#### [Supplied data]
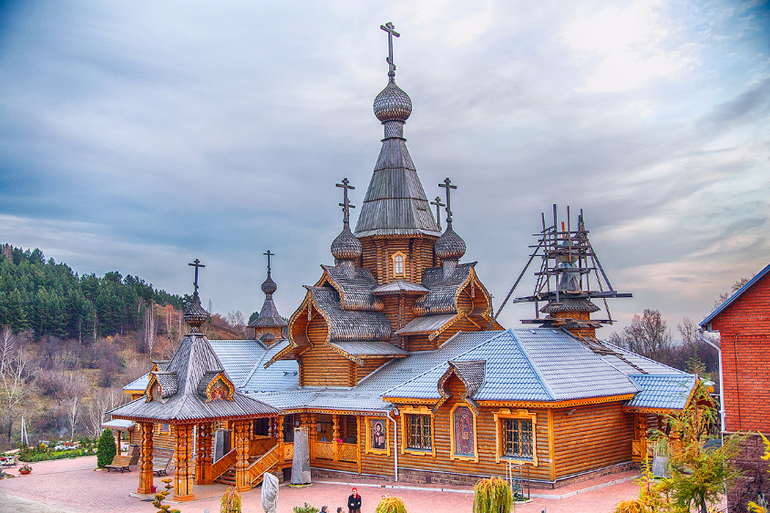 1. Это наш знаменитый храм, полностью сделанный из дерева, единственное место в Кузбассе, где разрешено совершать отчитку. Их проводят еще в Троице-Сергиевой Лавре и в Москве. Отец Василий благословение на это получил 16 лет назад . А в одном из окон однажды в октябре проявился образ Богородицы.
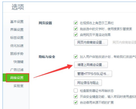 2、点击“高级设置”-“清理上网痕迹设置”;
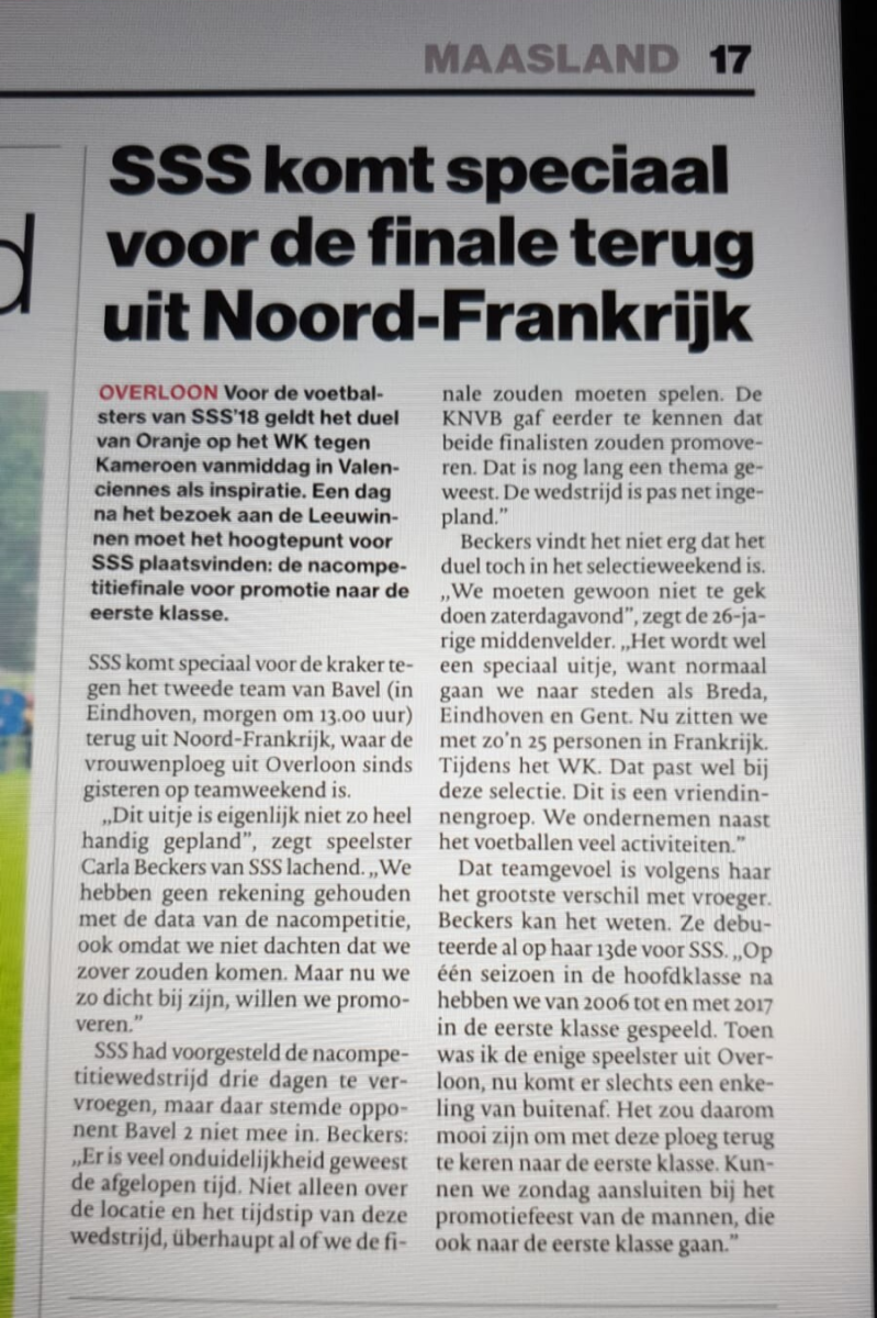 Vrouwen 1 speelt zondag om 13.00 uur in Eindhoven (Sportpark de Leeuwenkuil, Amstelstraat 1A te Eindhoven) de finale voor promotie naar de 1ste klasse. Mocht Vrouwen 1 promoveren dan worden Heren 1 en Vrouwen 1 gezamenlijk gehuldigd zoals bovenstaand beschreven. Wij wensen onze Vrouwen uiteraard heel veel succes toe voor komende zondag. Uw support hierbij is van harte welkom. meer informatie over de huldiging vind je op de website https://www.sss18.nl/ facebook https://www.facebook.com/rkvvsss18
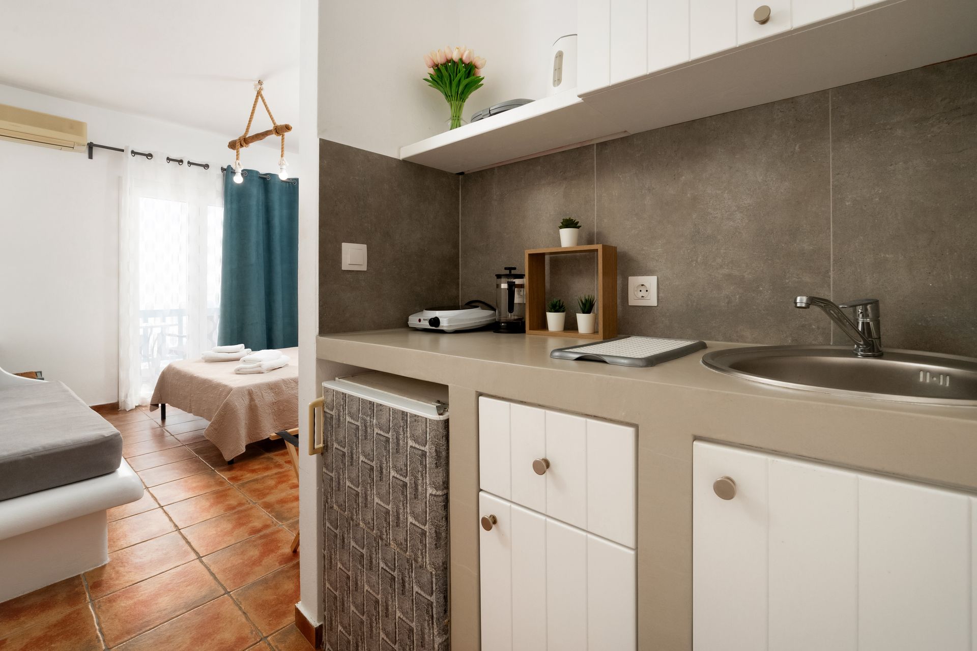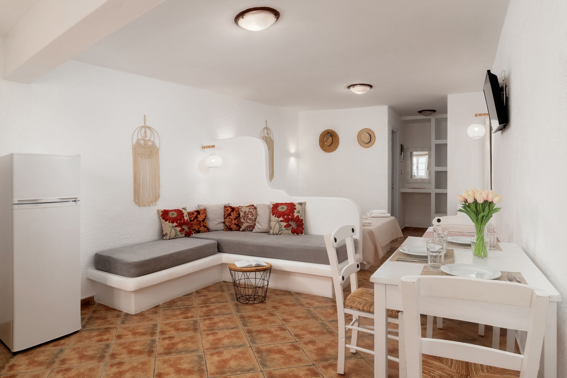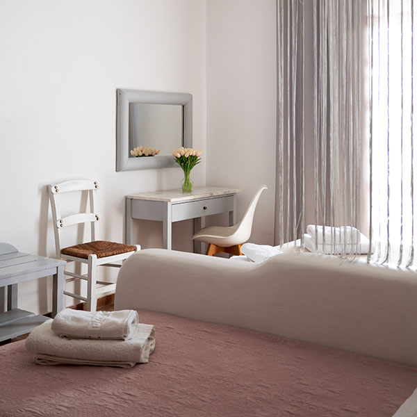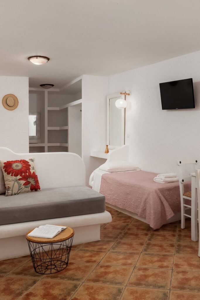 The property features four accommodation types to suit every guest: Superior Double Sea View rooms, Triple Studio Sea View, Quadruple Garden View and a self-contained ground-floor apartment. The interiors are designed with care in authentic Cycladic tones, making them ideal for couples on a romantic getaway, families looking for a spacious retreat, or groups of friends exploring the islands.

#### [What this task involves]
Print, exactly as written, the lines above from the first one to the one containing "Vrouwen 1 speelt". Leave out pictures.

#### [Solution to this exercise]
 1. Это наш знаменитый храм, полностью сделанный из дерева, единственное место в Кузбассе, где разрешено совершать отчитку. Их проводят еще в Троице-Сергиевой Лавре и в Москве. Отец Василий благословение на это получил 16 лет назад . А в одном из окон однажды в октябре проявился образ Богородицы.
 2、点击“高级设置”-“清理上网痕迹设置”;
 Vrouwen 1 speelt zondag om 13.00 uur in Eindhoven (Sportpark de Leeuwenkuil, Amstelstraat 1A te Eindhoven) de finale voor promotie naar de 1ste klasse. Mocht Vrouwen 1 promoveren dan worden Heren 1 en Vrouwen 1 gezamenlijk gehuldigd zoals bovenstaand beschreven. Wij wensen onze Vrouwen uiteraard heel veel succes toe voor komende zondag. Uw support hierbij is van harte welkom. meer informatie over de huldiging vind je op de website https://www.sss18.nl/ facebook https://www.facebook.com/rkvvsss18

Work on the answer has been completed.